**MATERIAL PROVIDED**
╔══

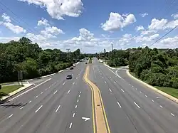 In 1972, the American Association of State Highway Officials approved for the US 240 designation to be removed.[26] As a result, MD 355 was extended south along the former US 240 alignment to the Washington, D.C. border.[27] MD 355 was widened into a divided highway between Rockville and Gaithersburg in 1977.[28] The divided highway was extended north from Gaithersburg to Germantown by 1997.[29] In 2006, the northern terminus of MD 355 at the interchange with US 15 in Frederick was truncated to a dead end a short distance south of that route.[30] In 2009, the portion of MD 355 north of the I-70 overpass was transferred to the city of Frederick, with the MD 355 designation officially being removed from this stretch.[31] In 2010, an interchange was completed at Montrose Parkway.[32]
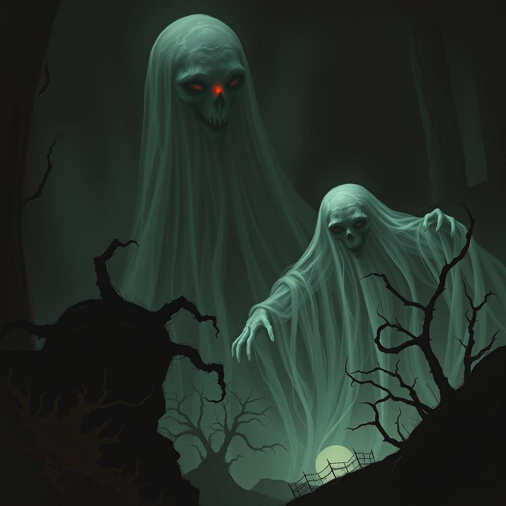 This haunting image captures the eerie essence of ghostly apparitions and eerie specters lurking in the shadows, with bold, muted colors evoking a sense of foreboding dread and supernatural presence.
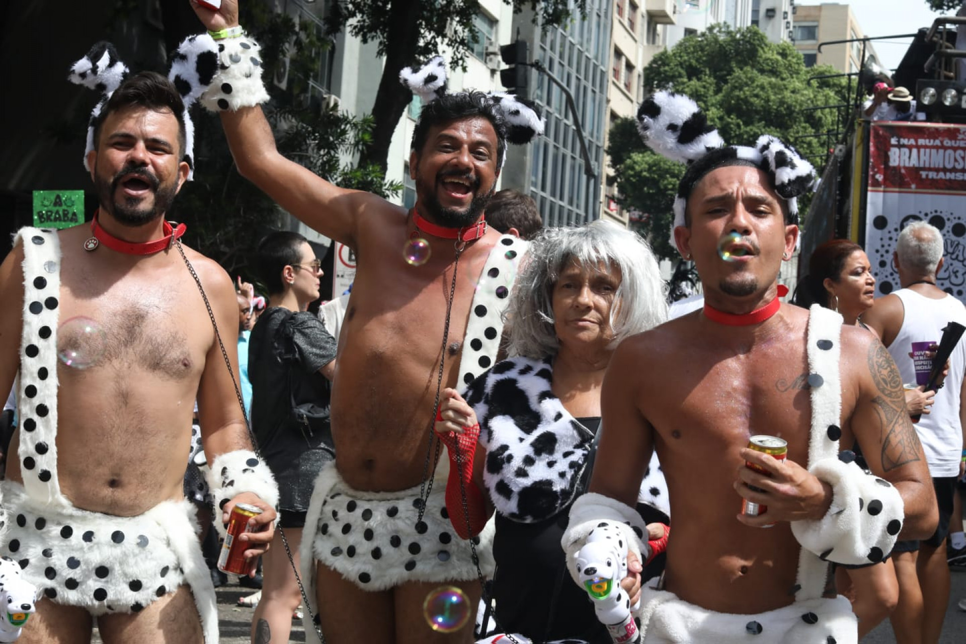 Com fantasias inspiradas nos prêmios do Grammy Latino da cantora Maria Rita, a enfermeira Regiane Finamore, 26 anos; as profissionais de marketing Patrícia Oliver, 21, e Ariane Machado, 24; além da bióloga Tainá Amorim, 23, todas amigas, se divertiram no meio da multidão.
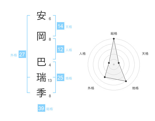 安岡 巴瑞季さんを姓名の画数から五運を鑑定
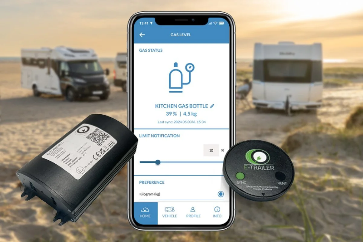 E-Trailer startpakke basic (nivellering av kjøretøy og gassnivåindikator med E-trailer-appen)
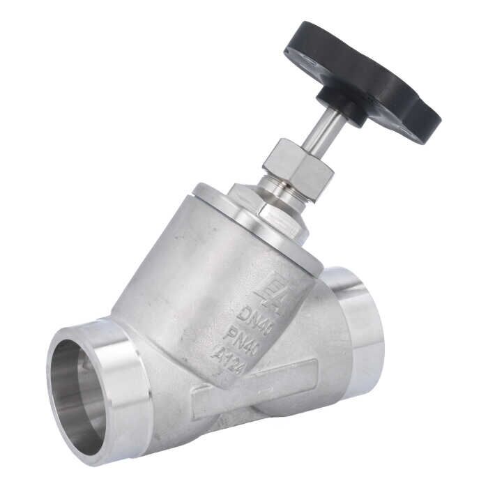 Description Schrägsitzventil DN40, PN40, DIN3239, RK Edelstahl 1.4408/PTFE
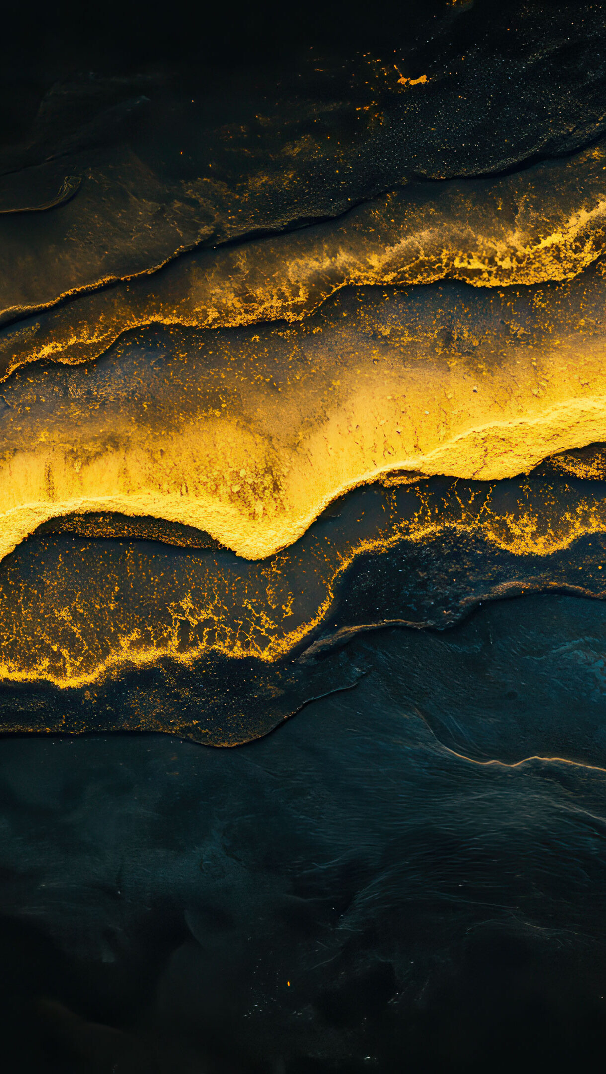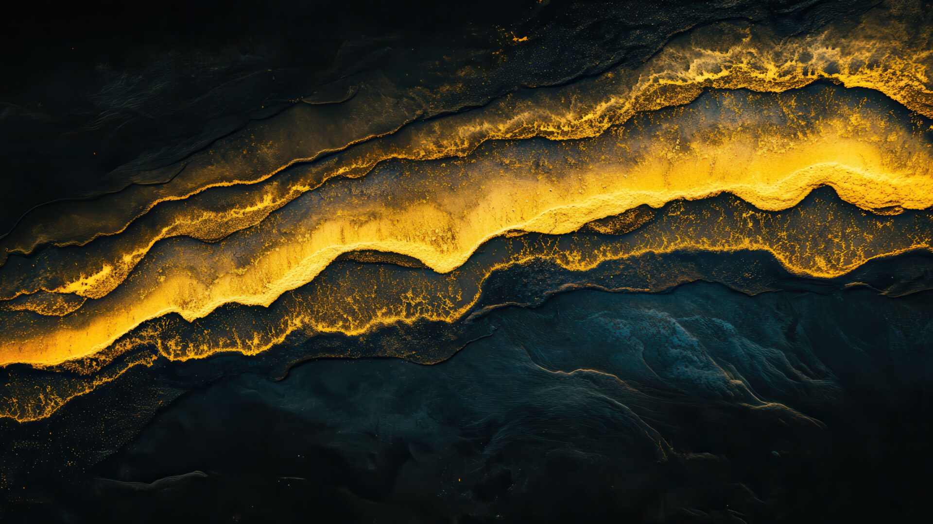 A stunning 4K wallpaper featuring elegant golden waves flowing across a deep, dark background. The contrast between the shimmering gold and the rich darkness creates a luxurious and mesmerizing visual effect, perfect for desktop or mobile screens.
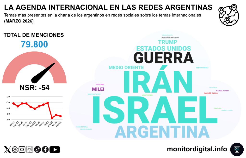Marzo terminó de consolidar esa tendencia: la guerra en Irán domina la charla sobre asuntos internacionales y arma una nube semántica donde sobresalen Israel, Irán, guerra, Estados Unidos y la Argentina.

╚══

**WHAT NEEDS TO BE DONE**
Without the pictures, please output every record exactly.

**ANSWER TO THE EXERCISE**
 In 1972, the American Association of State Highway Officials approved for the US 240 designation to be removed.[26] As a result, MD 355 was extended south along the former US 240 alignment to the Washington, D.C. border.[27] MD 355 was widened into a divided highway between Rockville and Gaithersburg in 1977.[28] The divided highway was extended north from Gaithersburg to Germantown by 1997.[29] In 2006, the northern terminus of MD 355 at the interchange with US 15 in Frederick was truncated to a dead end a short distance south of that route.[30] In 2009, the portion of MD 355 north of the I-70 overpass was transferred to the city of Frederick, with the MD 355 designation officially being removed from this stretch.[31] In 2010, an interchange was completed at Montrose Parkway.[32]
 This haunting image captures the eerie essence of ghostly apparitions and eerie specters lurking in the shadows, with bold, muted colors evoking a sense of foreboding dread and supernatural presence.
 Com fantasias inspiradas nos prêmios do Grammy Latino da cantora Maria Rita, a enfermeira Regiane Finamore, 26 anos; as profissionais de marketing Patrícia Oliver, 21, e Ariane Machado, 24; além da bióloga Tainá Amorim, 23, todas amigas, se divertiram no meio da multidão.
 安岡 巴瑞季さんを姓名の画数から五運を鑑定
 E-Trailer startpakke basic (nivellering av kjøretøy og gassnivåindikator med E-trailer-appen)
 Description Schrägsitzventil DN40, PN40, DIN3239, RK Edelstahl 1.4408/PTFE
 A stunning 4K wallpaper featuring elegant golden waves flowing across a deep, dark background. The contrast between the shimmering gold and the rich darkness creates a luxurious and mesmerizing visual effect, perfect for desktop or mobile screens.
Marzo terminó de consolidar esa tendencia: la guerra en Irán domina la charla sobre asuntos internacionales y arma una nube semántica donde sobresalen Israel, Irán, guerra, Estados Unidos y la Argentina.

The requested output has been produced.